Dataset content:

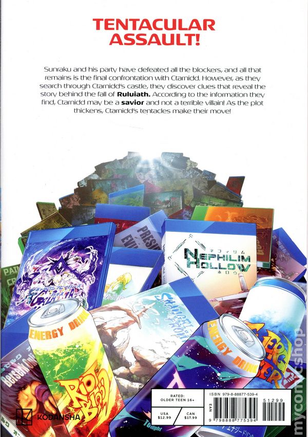 Volume 8 - 1st printing. Written by Katarina. Art and cover by Ryosuke Fuji. Translated by Kevin Gifford. Having survived a fierce attack by one of the Shangri-La Frontier PK clans, Sunraku goes into the fighting ring against ten powerful monsters as part of a unique scenario. He barely escapes with his life, only to then receive an invitation from his gamer friend Pencilgon to help her take down a unique monster known as Wethermon the Tombguard. With Wethermon still undefeated by any of the game's 30 million players, Sunraku may have bitten off more than he can chew! Softcover, 5-in. x 7-in., 192 pages, B&W. Older Teen (16+) Cover price $12.99.
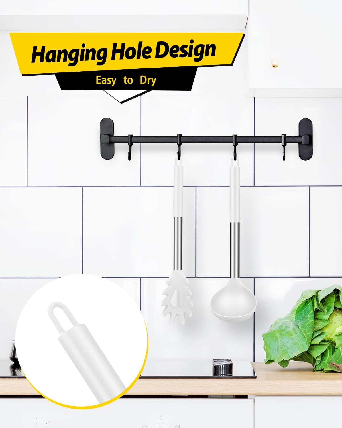 Silicone Pasta Fork and Ladle Spoon Set, Large Non Stick Kitchen Utensils for Cooking,Stirring,Serving Spaghetti, Soup, Sauce (WHITE)
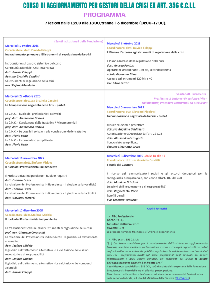 Il percorso formativo erogato dall’Università degli Studi di Brescia in collaborazione con la Fondazione Bresciana per gli Studi Economico-Giuridici, con l’Ordine dei Dottori Commercialisti e degli Esperti Contabili e con l’Ordine degli Avvocati di Brescia è rivolto ai professionisti che intendono iscriversi nell’apposito nuovo Albo dei Gestori della Crisi d’Impresa, istituito dal Ministro della Giustizia con Decreto 3 marzo 2022, n. 75.
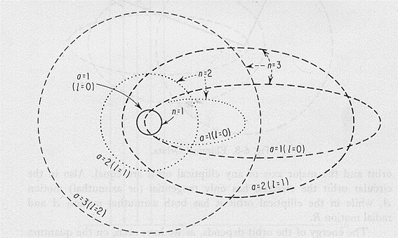 I due postulati di Bohr forniscono un nuovo modello di atomo che è simile a quello di Rutherford con la fondamentale differenza che ora non tutte le orbite sono permesse all’elettrone (quantizzazione dell’energia o dei livelli energetici). In tal modo l’edificio atomico risulta stabile anche se con qualche difficoltà teorica. Non sto qui a fare una storia dettagliata della mese di lavori che venne dopo quelli di Bohr. Ma occorre dire che questo modello atomico fu perfezionato da Sommerfeld nel 1916. Sommerfeld, per tentare di eliminare la non adesione ai dati sperimentali del modello per Z > 1 (ed anche alcune questioni legate all’intensità delle linee spettrali), applicò all’intero atomo una quantizzazione più spinta. Infatti la quantizzazione del momento angolare introdotta da Bohr limita i gradi di libertà di un elettrone costringendolo ad un raggio R di una determinata orbita. Sommerfeld suppose che l’elettrone, muovendosi nello spazio ha tre gradi di libertà e non uno solo. Sviluppando matematicamente il concetto Sommerfeld introdusse tre numeri quantici (vedi più avanti), anziché il solo numero quantico n, come aveva fatto Bohr. Il primo numero quantico, n (quanto principale, che può assumere valori interi e positivi), come quello di Bohr, indica l’orbita su cui l’elettrone si muove (il suo livello energetico). Il secondo numero quantico, l (quanto azimutale, che può assumere valori interi e positivi), ci dà invece lo schiacciamento delle orbite (queste non sono più circolari, come aveva indicato Bohr, ma possono anche essere ellittiche: più l è grande, più l’orbita è schiacciata o eccentrica).
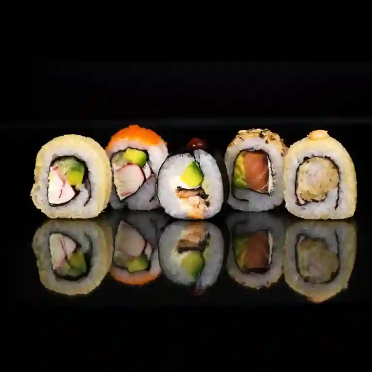 Elige 5 rollos (50 bocados) más 4 piezas de oreo tempura y 6 piezas de crunchykanis.
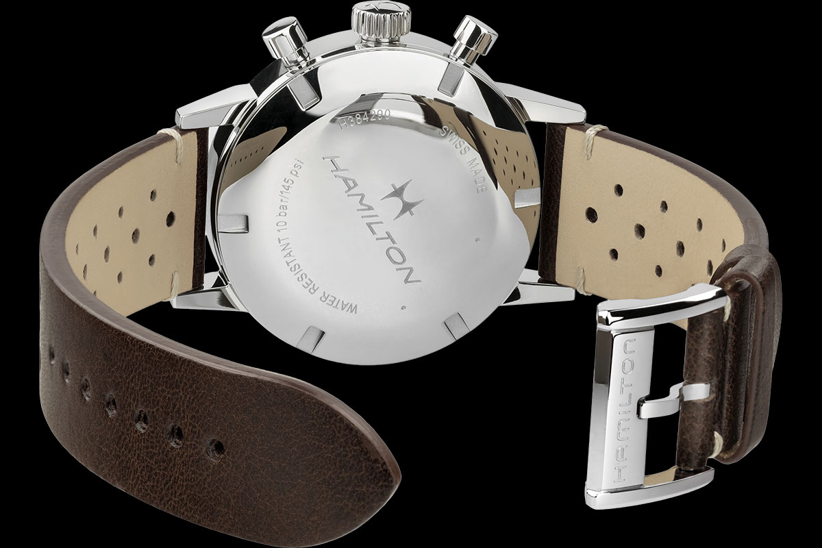 Importante è il movimento. Anche i nuovi American Classic Chronograph H montano il calibro H-51, a carica manuale (come indica la lettera H del nome, che sta per Handwind). Si basa sul calibro H-31, privo però dell’automatismo di carica, che a sua volta è uno sviluppo dell’Eta Valjoux 7753 (ed è quindi “pronipote” del celeberrimo 7750). Un movimento che non solo è realizzato in esclusiva per Hamilton, ma è anche dotato di quelle caratteristiche ormai considerate indispensabili nell’ottica di una meccanica aggiornata, in linea con le esigenze attuali. Ovvero: una lunga autonomia, che qui è di 60 ore, e una buona resistenza ai campi magnetici, offerta dalla spirale in Nivachron. Quest’ultima rappresenta un vero e proprio upgrade rispetto ai modelli del passato.
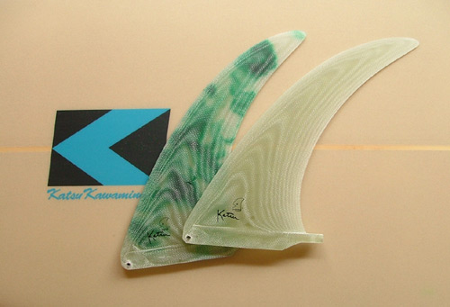 グリーンティントのアブストラクトが入った方は6’8”用で9.5インチ、クリアが7’6”用で10インチのフレックスフィンです。ボランクロスを積層した樹脂板から削りだしているハル・スタビー専用のフレックスフィンです。ボランクロスの丈夫で柔軟性がある特性を利用して、ベース部分から絶妙にフレックスするフォイルで削りだしています。ベースに近い部分はしっかりと芯を感じるフレックスで、ティップに近づくに従い柔軟性を増していっています。
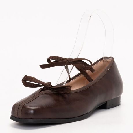 パイピングデザインがポイントになり、リボンが大人可愛いローヒールパンプス。
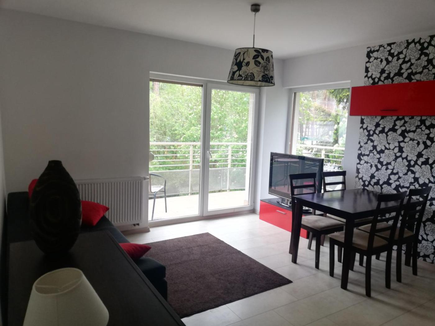 Apartament z 1 sypialnią. Boasting a private entrance, this apartment comes with 1 living room, 1 separate bedroom and 1 bathroom with a walk-in shower and a hairdryer. Guests can make meals in the kitchen that features a stovetop, a refrigerator and kitchenware. Featuring a terrace with garden views, this apartment also features a coffee machine and a flat-screen TV. The unit has 2 beds. Apartament - 5 osobowy. Powierzchnia pokoju ok.: 38 mkw.

Work to complete: Print each record exactly as it stands, leaving the images out.

Result of the task:
 Volume 8 - 1st printing. Written by Katarina. Art and cover by Ryosuke Fuji. Translated by Kevin Gifford. Having survived a fierce attack by one of the Shangri-La Frontier PK clans, Sunraku goes into the fighting ring against ten powerful monsters as part of a unique scenario. He barely escapes with his life, only to then receive an invitation from his gamer friend Pencilgon to help her take down a unique monster known as Wethermon the Tombguard. With Wethermon still undefeated by any of the game's 30 million players, Sunraku may have bitten off more than he can chew! Softcover, 5-in. x 7-in., 192 pages, B&W. Older Teen (16+) Cover price $12.99.
 Silicone Pasta Fork and Ladle Spoon Set, Large Non Stick Kitchen Utensils for Cooking,Stirring,Serving Spaghetti, Soup, Sauce (WHITE)
 Il percorso formativo erogato dall’Università degli Studi di Brescia in collaborazione con la Fondazione Bresciana per gli Studi Economico-Giuridici, con l’Ordine dei Dottori Commercialisti e degli Esperti Contabili e con l’Ordine degli Avvocati di Brescia è rivolto ai professionisti che intendono iscriversi nell’apposito nuovo Albo dei Gestori della Crisi d’Impresa, istituito dal Ministro della Giustizia con Decreto 3 marzo 2022, n. 75.
 I due postulati di Bohr forniscono un nuovo modello di atomo che è simile a quello di Rutherford con la fondamentale differenza che ora non tutte le orbite sono permesse all’elettrone (quantizzazione dell’energia o dei livelli energetici). In tal modo l’edificio atomico risulta stabile anche se con qualche difficoltà teorica. Non sto qui a fare una storia dettagliata della mese di lavori che venne dopo quelli di Bohr. Ma occorre dire che questo modello atomico fu perfezionato da Sommerfeld nel 1916. Sommerfeld, per tentare di eliminare la non adesione ai dati sperimentali del modello per Z > 1 (ed anche alcune questioni legate all’intensità delle linee spettrali), applicò all’intero atomo una quantizzazione più spinta. Infatti la quantizzazione del momento angolare introdotta da Bohr limita i gradi di libertà di un elettrone costringendolo ad un raggio R di una determinata orbita. Sommerfeld suppose che l’elettrone, muovendosi nello spazio ha tre gradi di libertà e non uno solo. Sviluppando matematicamente il concetto Sommerfeld introdusse tre numeri quantici (vedi più avanti), anziché il solo numero quantico n, come aveva fatto Bohr. Il primo numero quantico, n (quanto principale, che può assumere valori interi e positivi), come quello di Bohr, indica l’orbita su cui l’elettrone si muove (il suo livello energetico). Il secondo numero quantico, l (quanto azimutale, che può assumere valori interi e positivi), ci dà invece lo schiacciamento delle orbite (queste non sono più circolari, come aveva indicato Bohr, ma possono anche essere ellittiche: più l è grande, più l’orbita è schiacciata o eccentrica).
 Elige 5 rollos (50 bocados) más 4 piezas de oreo tempura y 6 piezas de crunchykanis.
 Importante è il movimento. Anche i nuovi American Classic Chronograph H montano il calibro H-51, a carica manuale (come indica la lettera H del nome, che sta per Handwind). Si basa sul calibro H-31, privo però dell’automatismo di carica, che a sua volta è uno sviluppo dell’Eta Valjoux 7753 (ed è quindi “pronipote” del celeberrimo 7750). Un movimento che non solo è realizzato in esclusiva per Hamilton, ma è anche dotato di quelle caratteristiche ormai considerate indispensabili nell’ottica di una meccanica aggiornata, in linea con le esigenze attuali. Ovvero: una lunga autonomia, che qui è di 60 ore, e una buona resistenza ai campi magnetici, offerta dalla spirale in Nivachron. Quest’ultima rappresenta un vero e proprio upgrade rispetto ai modelli del passato.
 グリーンティントのアブストラクトが入った方は6’8”用で9.5インチ、クリアが7’6”用で10インチのフレックスフィンです。ボランクロスを積層した樹脂板から削りだしているハル・スタビー専用のフレックスフィンです。ボランクロスの丈夫で柔軟性がある特性を利用して、ベース部分から絶妙にフレックスするフォイルで削りだしています。ベースに近い部分はしっかりと芯を感じるフレックスで、ティップに近づくに従い柔軟性を増していっています。
 パイピングデザインがポイントになり、リボンが大人可愛いローヒールパンプス。
 Apartament z 1 sypialnią. Boasting a private entrance, this apartment comes with 1 living room, 1 separate bedroom and 1 bathroom with a walk-in shower and a hairdryer. Guests can make meals in the kitchen that features a stovetop, a refrigerator and kitchenware. Featuring a terrace with garden views, this apartment also features a coffee machine and a flat-screen TV. The unit has 2 beds. Apartament - 5 osobowy. Powierzchnia pokoju ok.: 38 mkw.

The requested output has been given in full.